Real LiteRT execution is available through the optional external-litert feature. The adapter targets Offbit's published litert and litert-sys crates. With that feature enabled, models configured with backend: "litert" are loaded through the LiteRT adapter. Without it, Reflow returns a clear graph error instead of silently falling back to mock inference.
litertlm is a separate LiteRT-LM surface and is intentionally not part of the V1 vision inference adapter.
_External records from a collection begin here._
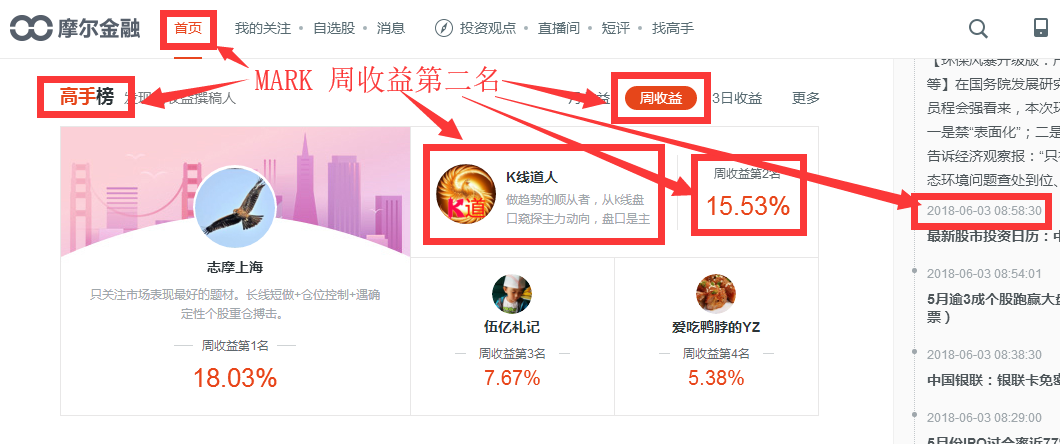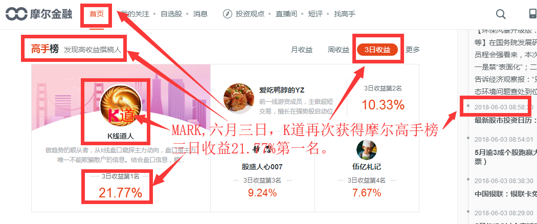 6月初,K道继续用自己的实力打榜摩尔平台投资高手榜,以21.7%的收益率夺得摩尔平台三日收益高手榜第一名,周收益第二名的成绩。有图有真相。
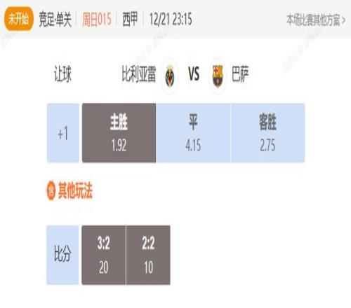 竞足 周日015西甲比利亚雷VS巴塞罗那
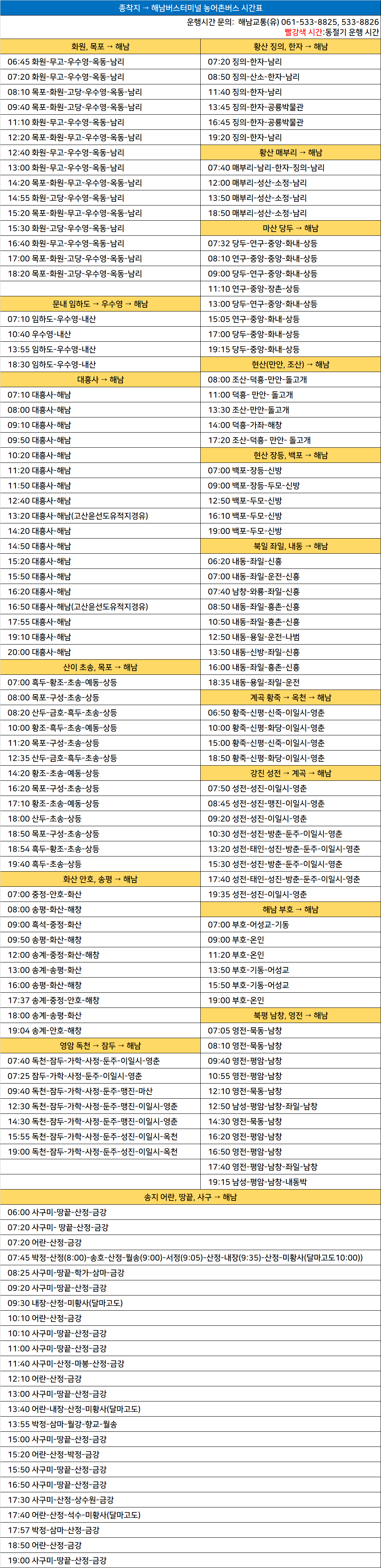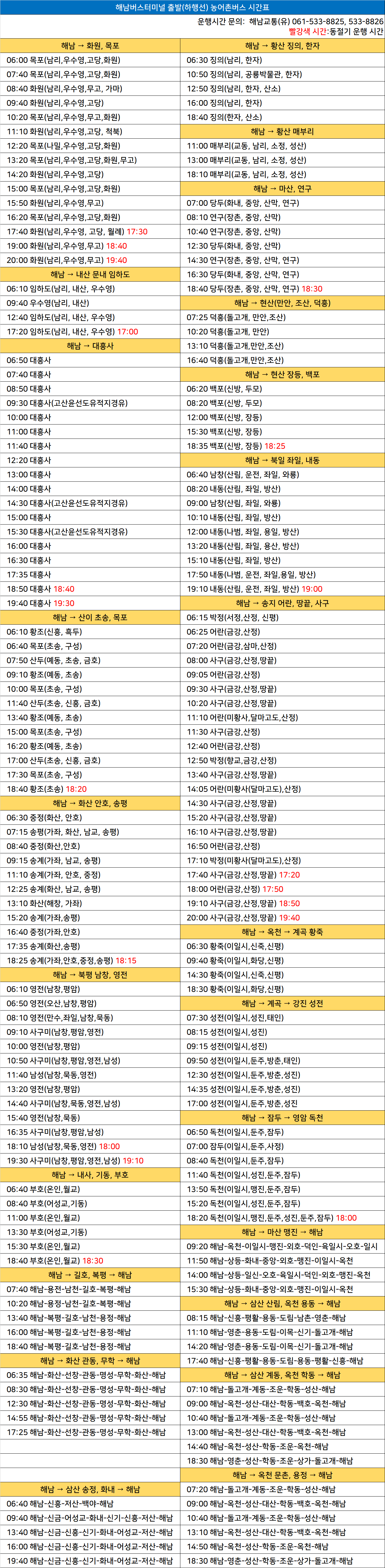 해남 시외버스 터미널 시간표/요금표 2025년 03월 22일 기준
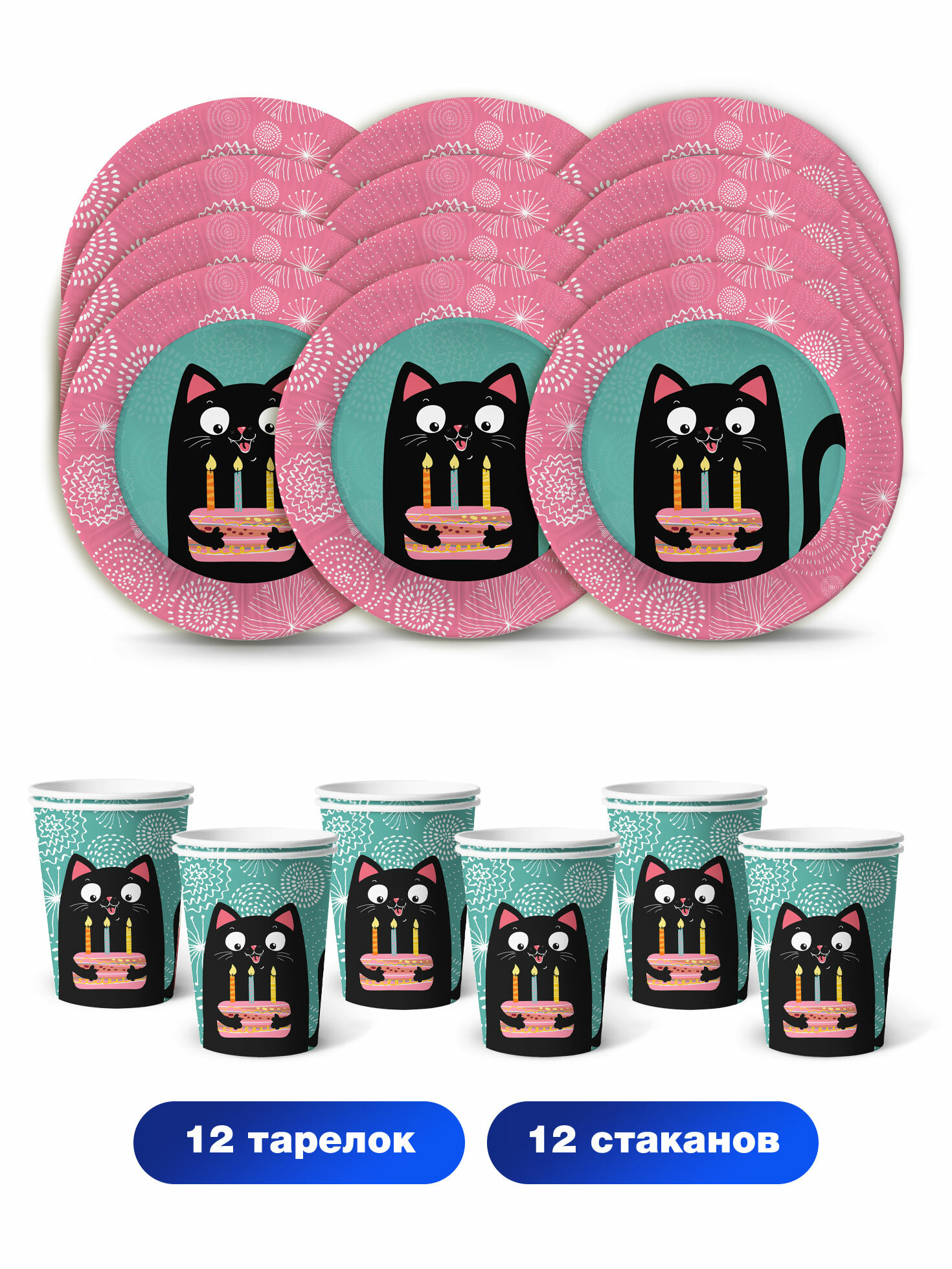 10 цен на Набор для праздника Кошки (тарелка, стакан по 12 шт.)
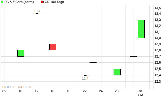 Mit dem Anstieg auf 13,30 EUR hat die Pacific Gas and Electric Company-Aktie am 02.10.2025 die 100-Tage-Linie nach oben gekreuzt.Die Pacific Gas and Electric Company-Aktie befindet sich seit ...weiterlesen

It should land behind dedicated LLM/chat/generation actors when those graph contracts are scoped.
The graph contract does not change when switching from mock inference to LiteRT. Frames, tensors, model metadata, ROI packets, and decoded outputs continue to move through the same actors and ports.
Authoring Model
Graph authors should treat ML pipelines like any other Reflow graph:
frame
-> preprocess
-> load model
-> run inference
-> decode
-> postprocess / smooth
-> output
The inference actor does not know about hand landmarks, palm detection, or any other specific model family. Those details belong in model manifests, node config, or taskpack graph composition.
Feature Flags
reflow_rt exposes the catalog surface through the optional media and ml features:
reflow_rt = { version = "0.1", features = ["media", "ml"] }
The native LiteRT adapter is separate:
reflow_rt = { version = "0.1", features = ["media", "ml", "external-litert"] }
This split lets existing users opt into ML/CV graph templates without inheriting native LiteRT build and runtime requirements unless they explicitly need real LiteRT execution.
Hand Landmark Demo Assets
The native hand-landmark smoke demo uses the official MediaPipe hand model assets as two ordinary LiteRT model manifests rather than treating the MediaPipe task bundle as privileged runtime behavior:
| Role | File | Input | Outputs |
|---|---|---|---|
| Palm detector | palm_detection_full.tflite | f32[1, 192, 192, 3] | f32[1, 2016, 18], f32[1, 2016, 1] |
| Hand landmark tracker | hand_landmark_full.tflite | f32[1, 224, 224, 3] | f32[1, 63], f32[1, 1], f32[1, 1], f32[1, 63] |
See examples/ml_hand_landmark_demo for download checksums, manifests, and a real LiteRT backend smoke test.